◆ **Data segment**
____________________

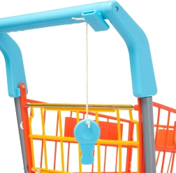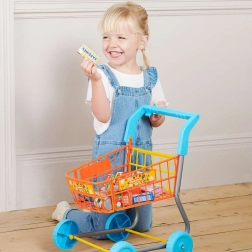 Ta otroški nakupovalni voziček je odlična izbira za male prodajalce in kupce. Zaradi kombinacije oranžnega koška, modrega ročaja in koles ter rumenih detajlov deluje privlačno in spodbuja kreativno igro. Široka kolesa zagotavljajo stabilnost in enostavno manevriranje v notranjih prostorih.
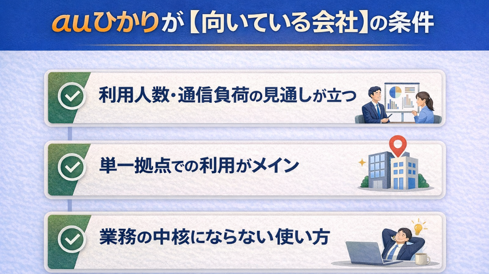 auひかりは、条件が合う会社にとっては非常に合理的な選択肢になる一方、
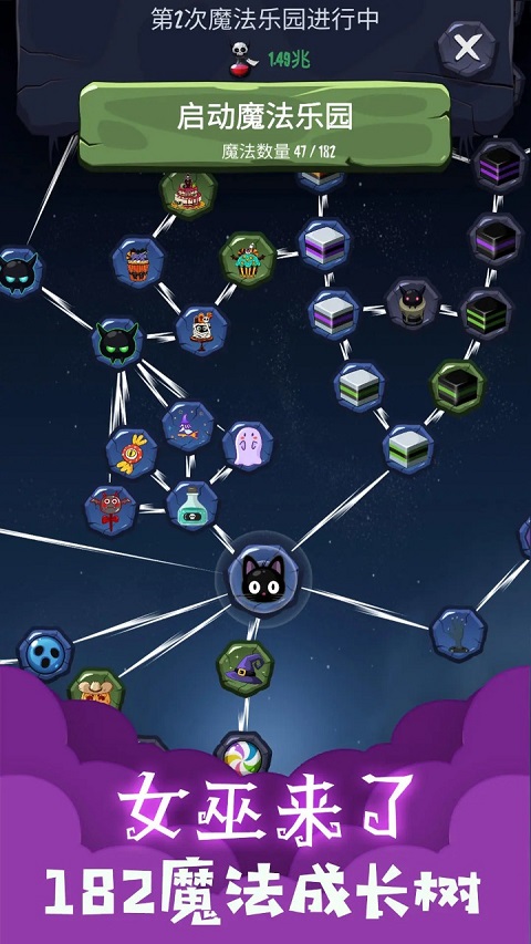 1、在界面底部有黑魔法、配方、活动、成就、捣蛋鬼、统计以及设置,通过自动挂机的“战斗”,收集魔鬼糖浆,并在黑魔法中,升级魔法。

____________________

◆ **Your task**
Every line of the listing is to be retyped exactly; pictures stay out.

◆ **Response**
 Ta otroški nakupovalni voziček je odlična izbira za male prodajalce in kupce. Zaradi kombinacije oranžnega koška, modrega ročaja in koles ter rumenih detajlov deluje privlačno in spodbuja kreativno igro. Široka kolesa zagotavljajo stabilnost in enostavno manevriranje v notranjih prostorih.
 auひかりは、条件が合う会社にとっては非常に合理的な選択肢になる一方、
 1、在界面底部有黑魔法、配方、活动、成就、捣蛋鬼、统计以及设置,通过自动挂机的“战斗”,收集魔鬼糖浆,并在黑魔法中,升级魔法。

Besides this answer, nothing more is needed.